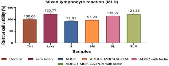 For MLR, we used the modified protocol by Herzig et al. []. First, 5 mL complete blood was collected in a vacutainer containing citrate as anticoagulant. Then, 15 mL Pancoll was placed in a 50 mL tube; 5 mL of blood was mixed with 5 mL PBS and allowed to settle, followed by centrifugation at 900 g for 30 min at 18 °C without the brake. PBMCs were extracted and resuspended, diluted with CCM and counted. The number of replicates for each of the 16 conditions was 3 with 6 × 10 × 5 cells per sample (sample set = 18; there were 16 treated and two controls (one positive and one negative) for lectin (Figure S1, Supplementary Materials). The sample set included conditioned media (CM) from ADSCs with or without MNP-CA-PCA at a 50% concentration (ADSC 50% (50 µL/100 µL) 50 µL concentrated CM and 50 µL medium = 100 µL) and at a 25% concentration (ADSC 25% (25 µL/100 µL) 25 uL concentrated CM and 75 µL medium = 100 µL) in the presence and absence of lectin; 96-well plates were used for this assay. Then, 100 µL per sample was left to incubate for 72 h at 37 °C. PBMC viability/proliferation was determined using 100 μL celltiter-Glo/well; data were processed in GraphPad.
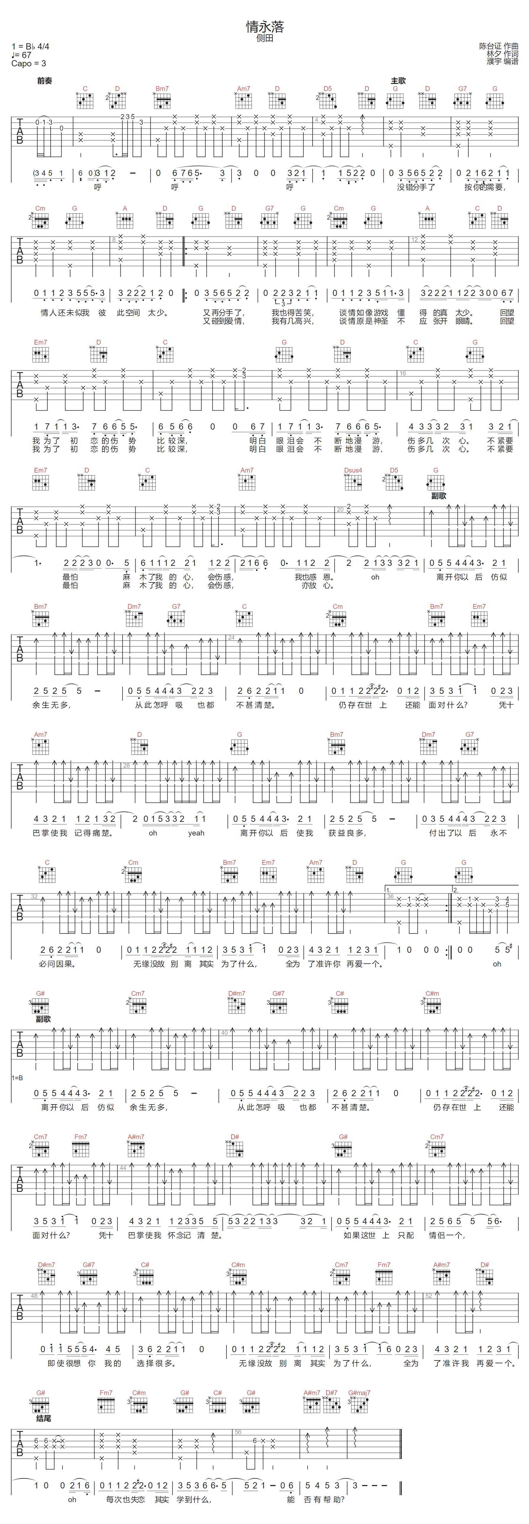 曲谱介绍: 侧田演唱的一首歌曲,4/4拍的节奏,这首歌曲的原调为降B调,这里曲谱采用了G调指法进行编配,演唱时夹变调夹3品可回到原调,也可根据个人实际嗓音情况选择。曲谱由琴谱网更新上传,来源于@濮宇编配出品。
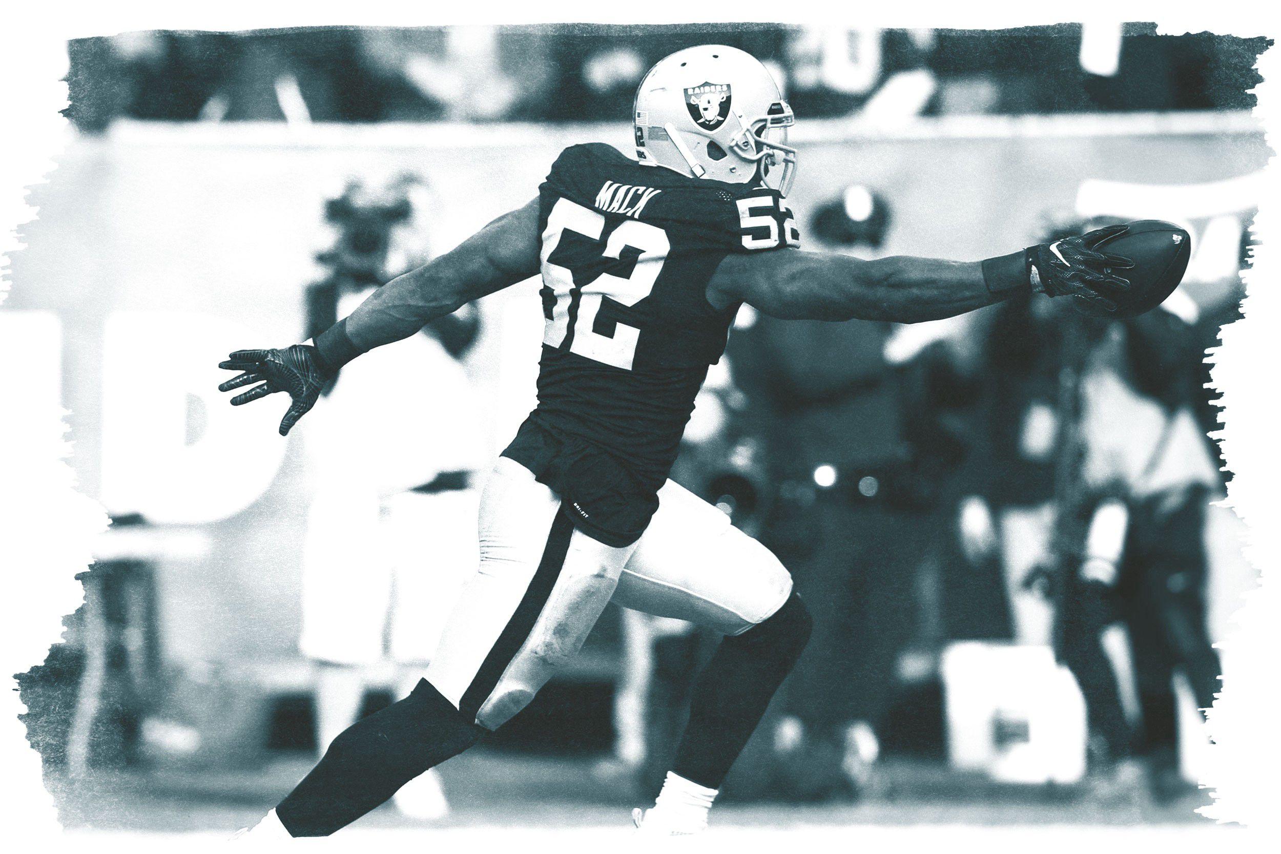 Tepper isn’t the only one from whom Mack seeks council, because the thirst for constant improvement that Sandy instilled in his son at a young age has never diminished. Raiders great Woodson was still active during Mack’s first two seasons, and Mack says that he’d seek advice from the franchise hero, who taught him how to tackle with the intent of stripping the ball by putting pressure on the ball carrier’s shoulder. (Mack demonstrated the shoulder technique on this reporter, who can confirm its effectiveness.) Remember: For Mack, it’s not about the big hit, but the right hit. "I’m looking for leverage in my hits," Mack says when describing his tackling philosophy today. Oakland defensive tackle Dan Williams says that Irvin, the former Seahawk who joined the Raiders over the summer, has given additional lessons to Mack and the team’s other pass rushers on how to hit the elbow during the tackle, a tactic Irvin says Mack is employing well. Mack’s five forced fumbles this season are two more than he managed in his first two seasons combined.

* Required action: Return only the lines from the start of the data through the line that contains "曲谱介绍: 侧田演唱的一首歌", please, copying them exactly and omitting all pictures.

* Answer section:
 For MLR, we used the modified protocol by Herzig et al. []. First, 5 mL complete blood was collected in a vacutainer containing citrate as anticoagulant. Then, 15 mL Pancoll was placed in a 50 mL tube; 5 mL of blood was mixed with 5 mL PBS and allowed to settle, followed by centrifugation at 900 g for 30 min at 18 °C without the brake. PBMCs were extracted and resuspended, diluted with CCM and counted. The number of replicates for each of the 16 conditions was 3 with 6 × 10 × 5 cells per sample (sample set = 18; there were 16 treated and two controls (one positive and one negative) for lectin (Figure S1, Supplementary Materials). The sample set included conditioned media (CM) from ADSCs with or without MNP-CA-PCA at a 50% concentration (ADSC 50% (50 µL/100 µL) 50 µL concentrated CM and 50 µL medium = 100 µL) and at a 25% concentration (ADSC 25% (25 µL/100 µL) 25 uL concentrated CM and 75 µL medium = 100 µL) in the presence and absence of lectin; 96-well plates were used for this assay. Then, 100 µL per sample was left to incubate for 72 h at 37 °C. PBMC viability/proliferation was determined using 100 μL celltiter-Glo/well; data were processed in GraphPad.
 曲谱介绍: 侧田演唱的一首歌曲,4/4拍的节奏,这首歌曲的原调为降B调,这里曲谱采用了G调指法进行编配,演唱时夹变调夹3品可回到原调,也可根据个人实际嗓音情况选择。曲谱由琴谱网更新上传,来源于@濮宇编配出品。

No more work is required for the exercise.